By Sam Boughedda
Blue Orca Capital said it is short renewable energy firm Enviva Partners (NYSE:EVA) as it believes the company is "flagrantly greenwashing its wood procurement."
In addition, the activist investment firm stated that Enviva's EBITDA is inflated, and it will cut its dividend.
Enviva shares plummeted over 19% on Wednesday.
In a research piece, Blue Orca dismissed Enviva's claim to be a pure play ESG company, stating they think "this is nonsense on all counts."
"In our opinion, Enviva is a dangerously levered serial capital raiser whose deteriorating cash conversion and unprofitability will drain it of cash next year," wrote Blue Orca.

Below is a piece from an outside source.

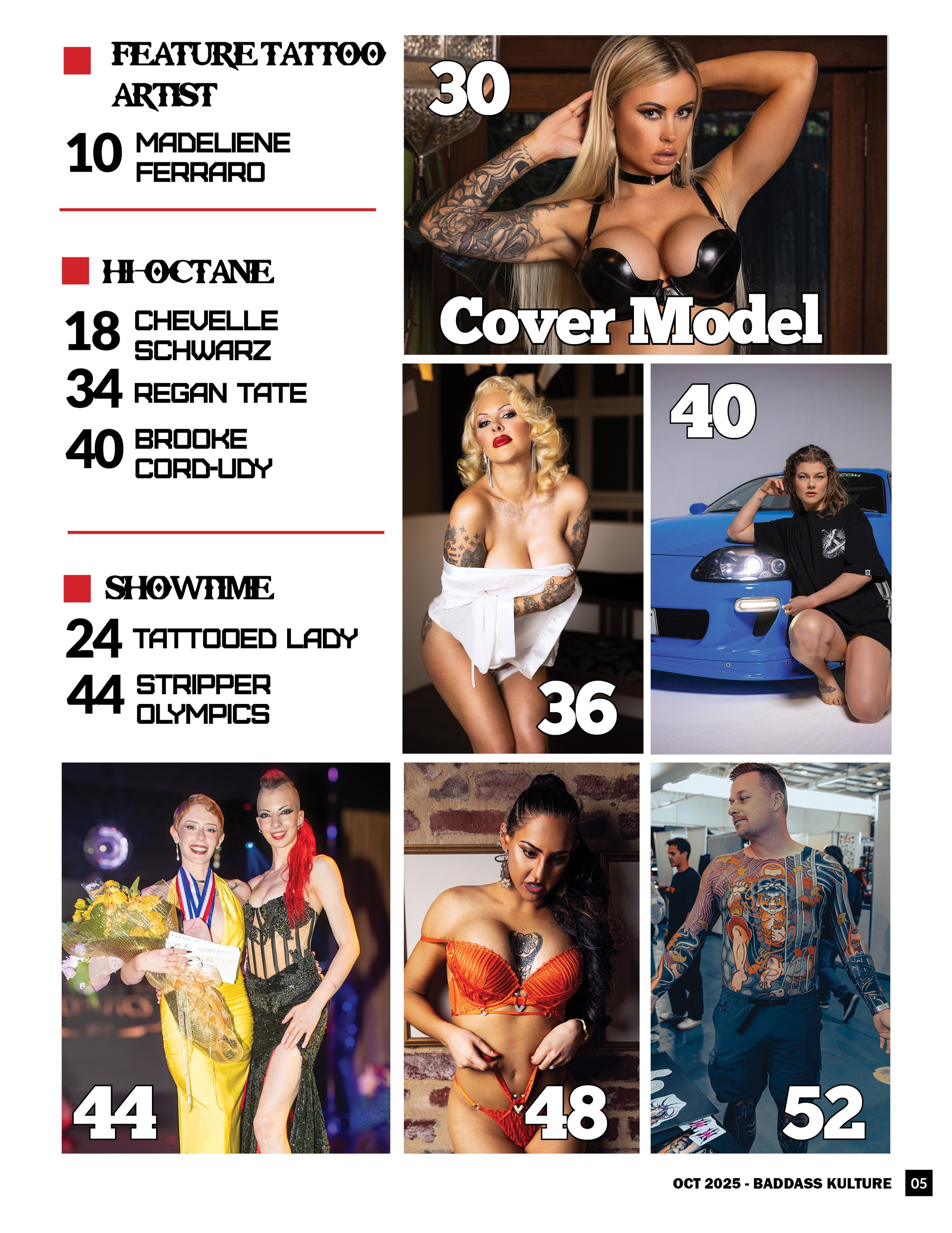 From Hi-Octane (Bikes & Cars) to BTS from Photo Shoots to Tattoo Artists at Expos to Baddass Delights Catalogue Models

"Contrary to Enviva's claims, it generates nowhere near the cash from operations to support its dividend, let alone future capital expenditures to drive growth. Rather, Enviva's dividends are funded through capital raising. Given its already troubling leverage, we think Enviva will be forced into further dilutive equity raises, more borrowing at punitive rates, or most likely, a significant dividend cut," they added.
Furthermore, the investment firm stated that Enviva is a "farce" and is "engaged in textbook greenwashing."
"Hidden GPS data embedded in Enviva's Track and Trace disclosures allowed us to geolocate the company's harvests. Satellite imagery indicates that contrary to the company's claims, in many instances Enviva is procuring wood from the widely condemned practice of clear-cutting. Former senior Enviva sustainability and procurement executives confirmed that this practice was endemic," they declared.